Pursuant to 29 CFR 90.18(c) reconsideration may be granted under the following circumstances:
(1) If it appears on the basis of facts not previously considered that the determination complained of was erroneous;
(2) If it appears that the determination complained of was based on a mistake in the determination of facts not previously considered; or
(3) If in the opinion of the Certifying Officer, a mis-interpretation of facts or of the law justified reconsideration of the decision.
The petition for the workers of Falcon Plastics, Washington, Pennsylvania engaged in production of blow molded plastics was denied because the “contributed importantly” group eligibility requirement of section 222 of the Trade Act of 1974, as amended, was not met, nor was there a shift in production from that firm to a foreign country.
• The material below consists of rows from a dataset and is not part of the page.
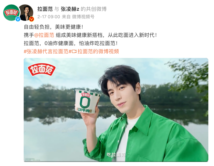拉面范作为国内“0油炸健康面品类开创者”,以让全体国民吃上更健康的速食面为初心,从中国传统饮食文化中汲取灵感,以创新“蒸煮工艺”突破传统方便面的油炸技术瓶颈,研发出了一系列健康、高品质的新一代速食产品,在国内众多方便食品中脱颖而出,深受年轻一代消费者喜爱。本次拉面范与张凌赫官宣代言,可谓空中地面,排面拉满,足可见今麦郎对于0油炸健康面赛道的决心。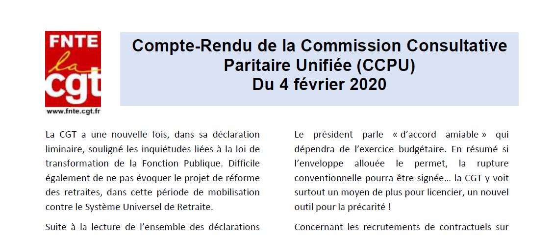 Compte-Rendu de la Commission Consultative Paritaire Unifiée (CCPU) Du 4 février 2020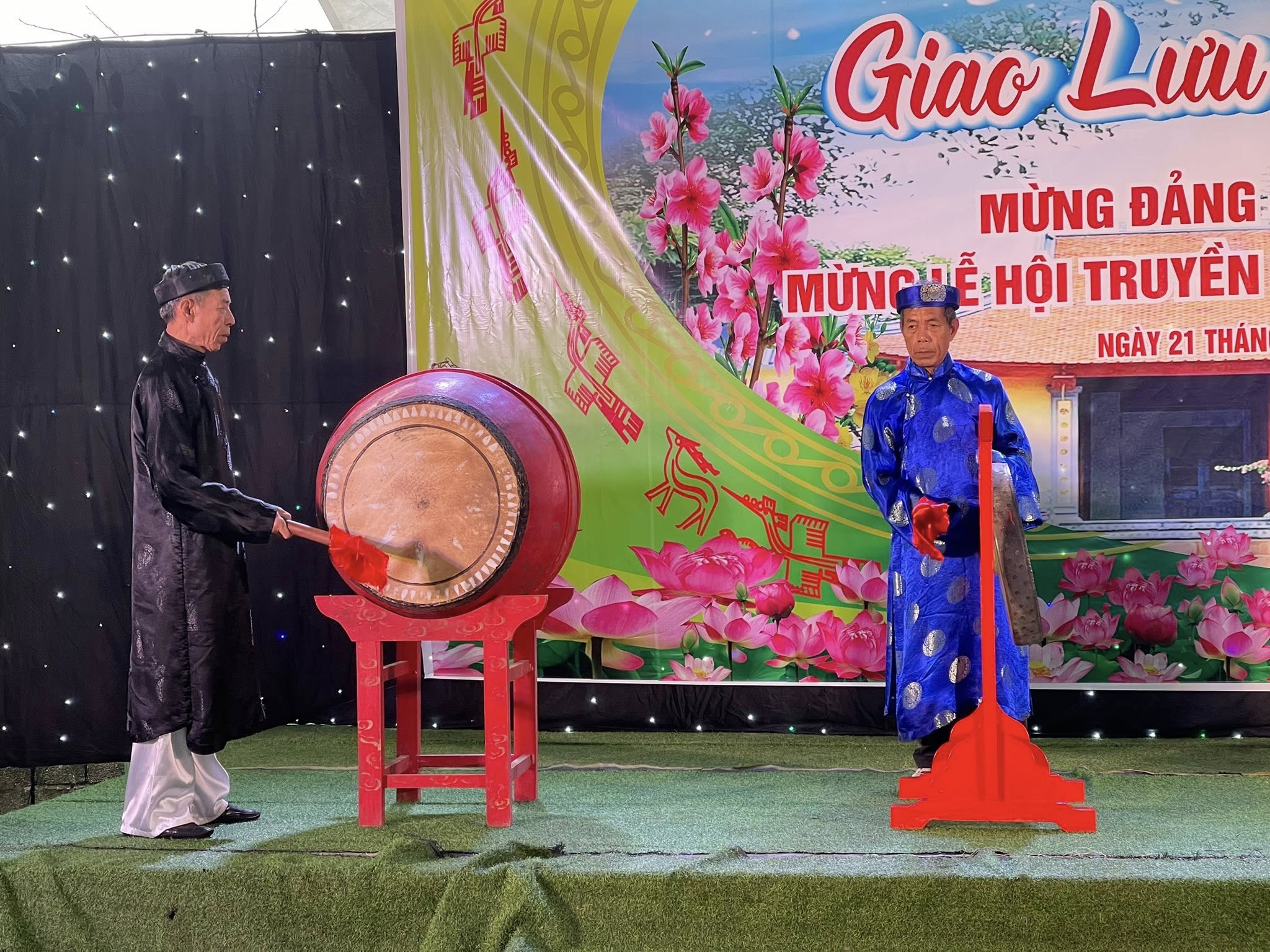 Đồng chí Trần Văn Tạo, Trùm Đình làng An Thịnh đánh trống khai mạc lễ hội.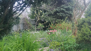 Cykanki tym razem trochę oszukane, wycinanki z większych. Ale uwaga, psiząbki 'Pagoda' się rozrastają, magnolia powolutku staje się drzewem, tulipany bez wykopywania kwitną trzeci rok, kamasje mają liczne pąki w dwóch zbitych kępach, podziabana na drobne cząstki (niechcący oczywiście) żółta szachownica cesarska kwitnie jednym kwiatem, ale zdaje się że każdy kawałek wypuścił zielone. Rozmnożyłam? A, i kradziony z Przeprośnej Górki bizantyjski barwinek (vinca major) zakwitł. To jest Rolls Royce wśród barwinków, mała kępeczka już jest z pojedyńczej odnóżki i jak na taką kępunię kwitnie wstrząsająco. Ciekawe czy miewa inne kolory.

The “contributed importantly” test is generally demonstrated through a survey of the workers' firm's customers. The survey revealed no imports of blow molded plastics during the relevant period. The subject firm did not import blow molded plastics nor did it shift production to a foreign country during the relevant period.
The petitioner states that the affected workers lost their jobs as a result of the U.S. manufacturers shifting production of blow molded plastics to China and Mexico. The petitioner stated that the sales and production at the subject firm has been negatively impacted by increasing presence of foreign imports on the market.
Upon further review of the previous investigation and further contact with the company official, the Department conducted a full investigation to determine whether imports of blow molded plastics indeed impacted production at the subject firm and consequently caused workers separations.
The Department conducted a new survey of the customers requesting information on imports of “like or directly competitive products” to those purchased from Falcon Plastics, a/k/a Grand Venture in 2002, 2003 and January through September of 2005. The survey revealed that none of the respondents reported increasing its imports of “like or directly competitive products” to blow molded plastics purchased from the subject, while decreasing its purchases from the subject firm during the relevant time period.
Moreover, the subject firm does not import blow molded plastics and did not shift production of blow molded plastics abroad.
After review of the application and investigative findings, I conclude that there has been no error or misinterpretation of the law or of the facts which would justify reconsideration of the Department of Labor's prior decision. Accordingly, the application is denied.Start Signature
Signed at Washington, DC, this 16th day of February, 2006.
Elliott S. Kushner,
Certifying Officer, Division of Trade Adjustment Assistance.